• **EXERCISE DETAILS**
All records below are to be set down precisely as written, excluding pictures.

• **DATA EXTRACTS**
※ ※ ※

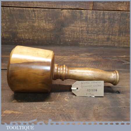 These mallets are made with a one-piece handle which continues through to the opposite end of the mallet head and feel very good in the hand. Made from old lignum crown bowls ensures they are well seasoned but more importantly coms from the region where the densest lignum could be found before being exhausted. The lesser dense Argentinean lignum took over the market after that and again this is all but gone as it takes so long to grow.
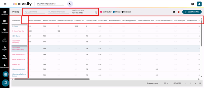 “Customers” search filter: Filters pricing view to show only selected customer(s) and their associated pricing.
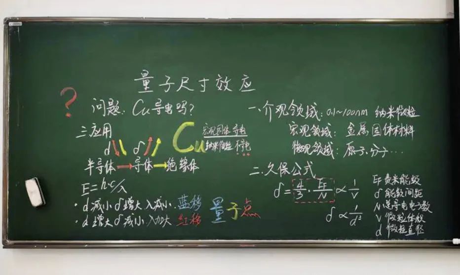 量子尺寸效应是重要的纳米效应,具有一定的理论难度。从“介观领域”出发,引出“久保公式”,再结合“能带理论”,由此运用“量子尺寸效应”解释“块体铜导电,但纳米铜不导电”的现象,最后指出其典型应用材料——量子点。
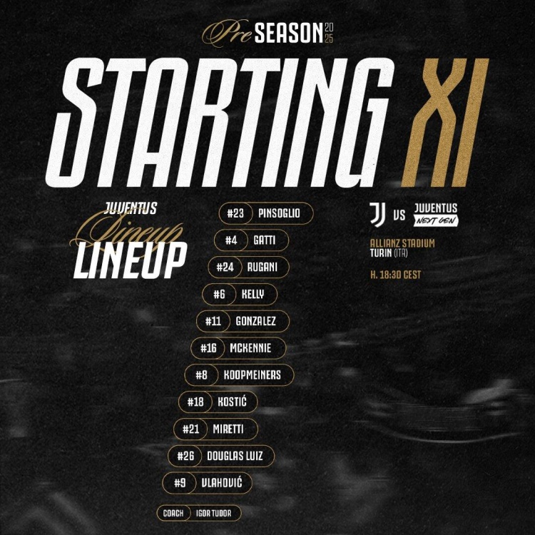 尤文首发:23-平索里奥、4-加蒂、6-凯利、8-库普梅纳斯、9-弗拉霍维奇、11-尼古拉斯-冈萨雷斯、16-麦肯尼、18-科斯蒂奇、21-米雷蒂、24-鲁加尼、26-道格拉斯-路易斯
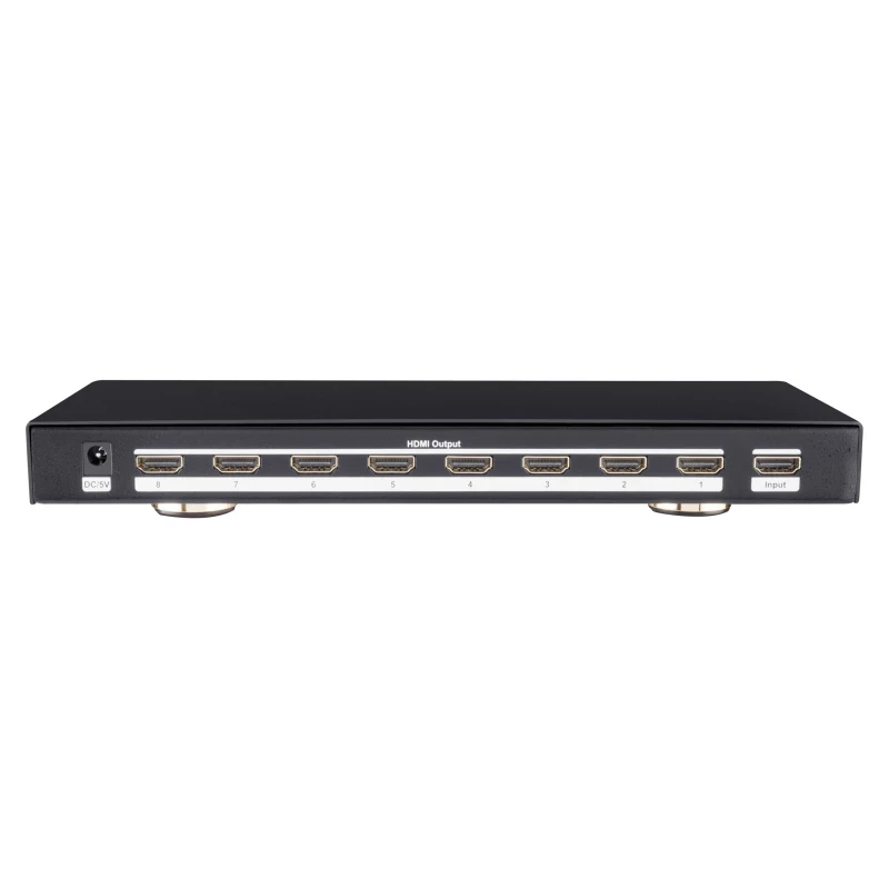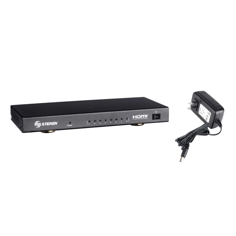 Steren BOS-408. Tipo de puerto de vídeo: HDMI, Salida de vídeo: 8x HDMI. Máxima resolución: 4096 x 2160 Pixeles, Color del producto: Negro, Tipo HD: 4K Ultra HD. Voltaje de entrada AC: 100 - 240 V, Frecuencia de entrada AC: 50 - 60 Hz, Corriente de entrada: 0.5 A. Ancho: 210 mm, Profundidad: 65 mm, Altura: 25 mm. Tipo de empaque: Caja
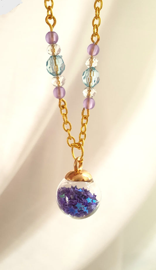 Blue, Green and Purple Star Shaker Pendant Necklace. Gold Tone. Fairy Necklace. Magical Necklace. Mermaid Necklace
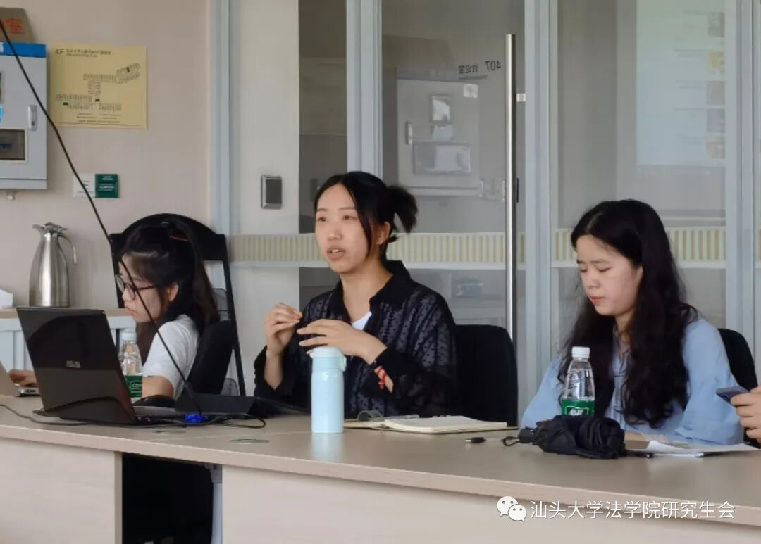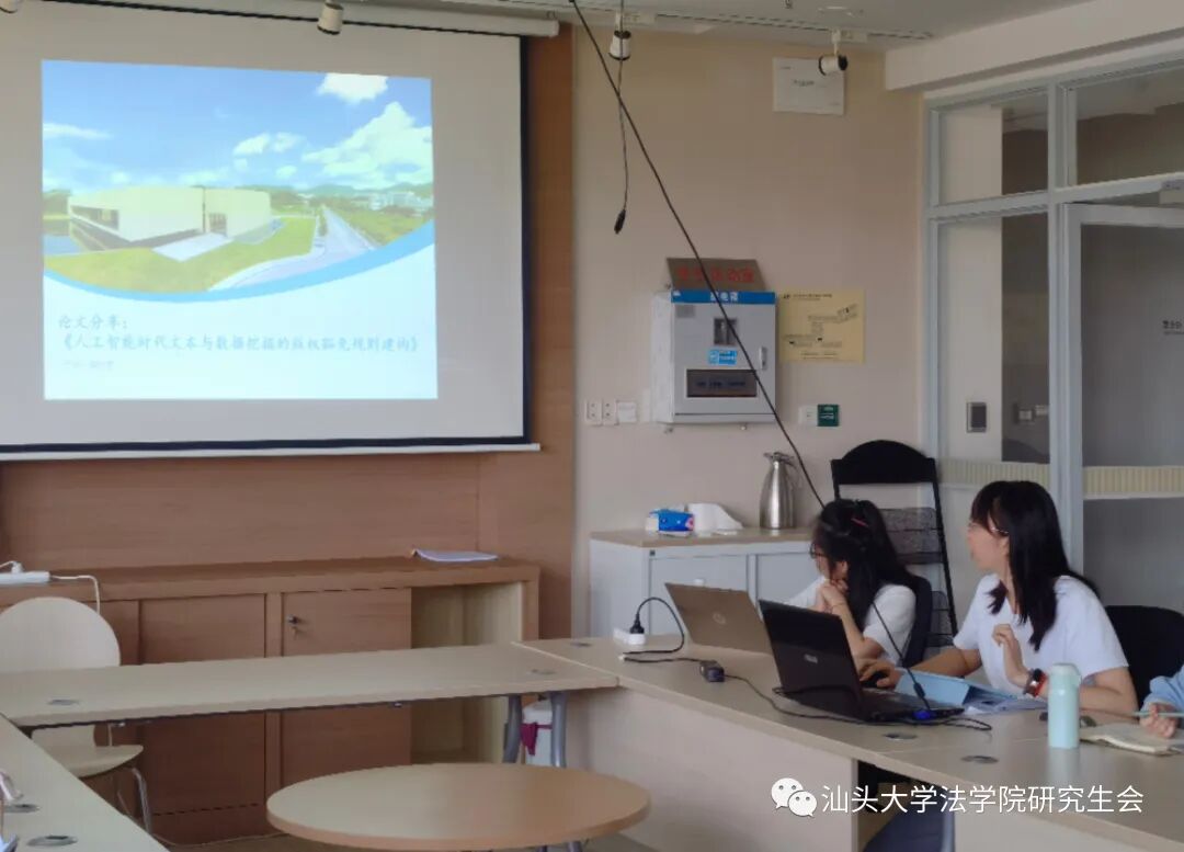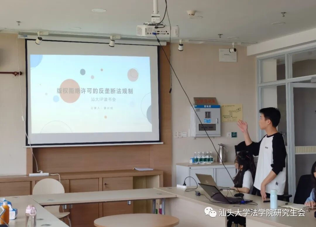 黄启明、王蕙媛、郭钰莹三位同学就数字作品版权保护、文本与数据挖掘版权保护、版权拒绝许可的反垄断法规制等内容进行介绍,并提出自己对于所选择论文中观点的解读和思考,并和与会同学进行分享交流。黄启明同学介绍了音乐版权垄断的由来以及理论基础,王蕙媛同学介绍了法律解释的论证方法包括成文法论证和不成文法论证,郭钰莹同学提出了关于TDM版权豁免规则中自己的想法即使用三步检验法+四要素分析法,都为同学们进行下一步研究提供了帮助。

※ ※ ※

• **RESULT OF THIS EXERCISE**
 These mallets are made with a one-piece handle which continues through to the opposite end of the mallet head and feel very good in the hand. Made from old lignum crown bowls ensures they are well seasoned but more importantly coms from the region where the densest lignum could be found before being exhausted. The lesser dense Argentinean lignum took over the market after that and again this is all but gone as it takes so long to grow.
 “Customers” search filter: Filters pricing view to show only selected customer(s) and their associated pricing.
 量子尺寸效应是重要的纳米效应,具有一定的理论难度。从“介观领域”出发,引出“久保公式”,再结合“能带理论”,由此运用“量子尺寸效应”解释“块体铜导电,但纳米铜不导电”的现象,最后指出其典型应用材料——量子点。
 尤文首发:23-平索里奥、4-加蒂、6-凯利、8-库普梅纳斯、9-弗拉霍维奇、11-尼古拉斯-冈萨雷斯、16-麦肯尼、18-科斯蒂奇、21-米雷蒂、24-鲁加尼、26-道格拉斯-路易斯
 Steren BOS-408. Tipo de puerto de vídeo: HDMI, Salida de vídeo: 8x HDMI. Máxima resolución: 4096 x 2160 Pixeles, Color del producto: Negro, Tipo HD: 4K Ultra HD. Voltaje de entrada AC: 100 - 240 V, Frecuencia de entrada AC: 50 - 60 Hz, Corriente de entrada: 0.5 A. Ancho: 210 mm, Profundidad: 65 mm, Altura: 25 mm. Tipo de empaque: Caja
 Blue, Green and Purple Star Shaker Pendant Necklace. Gold Tone. Fairy Necklace. Magical Necklace. Mermaid Necklace
 黄启明、王蕙媛、郭钰莹三位同学就数字作品版权保护、文本与数据挖掘版权保护、版权拒绝许可的反垄断法规制等内容进行介绍,并提出自己对于所选择论文中观点的解读和思考,并和与会同学进行分享交流。黄启明同学介绍了音乐版权垄断的由来以及理论基础,王蕙媛同学介绍了法律解释的论证方法包括成文法论证和不成文法论证,郭钰莹同学提出了关于TDM版权豁免规则中自己的想法即使用三步检验法+四要素分析法,都为同学们进行下一步研究提供了帮助。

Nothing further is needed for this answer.